# 2004 Spec-V Cluster Issues



## Lordgwydion24 (Mar 29, 2011)

Ok, I took the cluster apart to replace the bulbs. After I did this and started the car, gas gauge and temp gauge both went all the way up until the couldn't go anymore. I also got the SES light on. I checked the code and got P0462, which is low fuel voltage. This code makes no sense, as I didn't even touch the fuel level sensor. I reset the SES and it hasn't come back on, but the gauges are still pegged all the way up. The RPM gauge and Speedo gauge were also off, but I was able to just pull the needles off and put them where they should be. Any ideas would be really helpful. It's only got 56k on the car and everything else works just fine. I'm stumped honestly...


----------



## jdg (Aug 27, 2009)

Lordgwydion24 said:


> I also got the SES light on. I checked the code and got P0462, which is low fuel voltage. This code makes no sense, as I didn't even touch the fuel level sensor.
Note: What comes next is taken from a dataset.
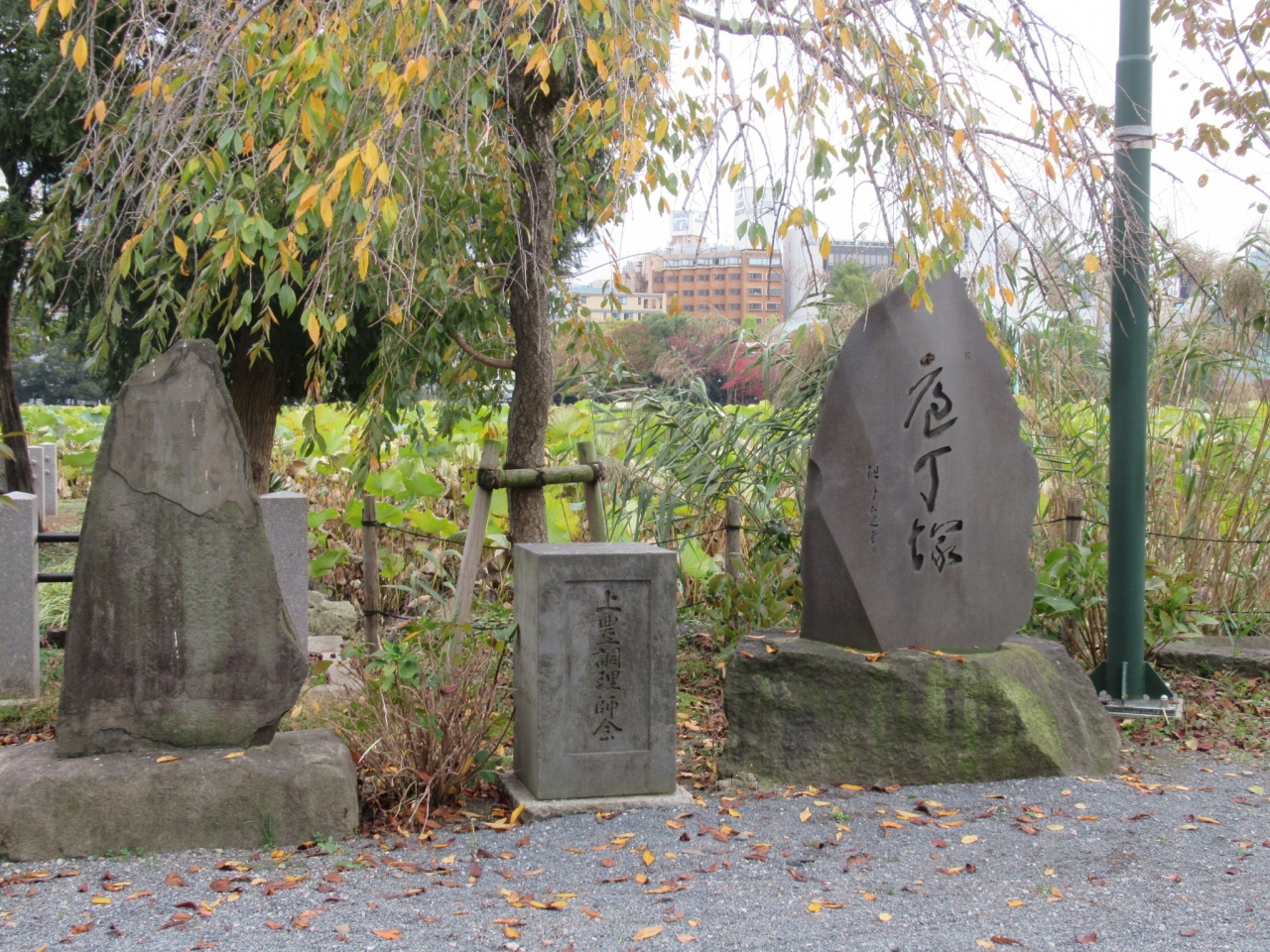 上野公園の不忍池の中央に建つ弁天堂の近くにはいろんな面白い碑が並んでいます。こちらはその中の1つ、包丁塚です。こちらは包丁の研ぎ石をイメージした形なのでしょうか。大きいのでとても目立っていました。使い古した包丁を供養しているようです。

Makes sense to me if you pulled apart the instrument cluster and didn't put it back together correctly and the instrument cluster itself actually sends out the voltage TO the fuel level sensor, which then changes that signal and sends it BACK to the instrument cluster for interpretation.
Step 1 - Gauges work fine
Step 2 - Pull apart cluster
Step 3 - ???
Step 4 - Put cluster together
Step 5 - Gauges don't work fine
Step 6 - Profit...
Where is the "break down" in those 4 steps?


----------



## Lordgwydion24 (Mar 29, 2011)

Ok. I didn't know that. Which is why I posted on the boards. So what would the solution be? How could I have screwed up putting it back together? It's 2 plugs. Maybe I pulled on them too hard while removing them? The little clips are awful hard to push while pulling them out. Anyone know of a wiring diagram they could link? Maybe I could check the exact wire. Kinda bummed out as I was borrowing my friends car when this all happened. Really don't wanna spend money on buying a new dash cluster if it's not needed...


----------



## jdg (Aug 27, 2009)

Wiring diagrams...hmmm...
Those are the kinds of things you might find in some sort of "manual".
A "manual" that the "factory" put out.
A "factory" produced "manual" that might help a person when performing some sort of "service" on their vehicle.
A "manual" describing various "service" procedures made by a "factory" which produces "Nissan" vehicles.
No idea where I'd find that one...


----------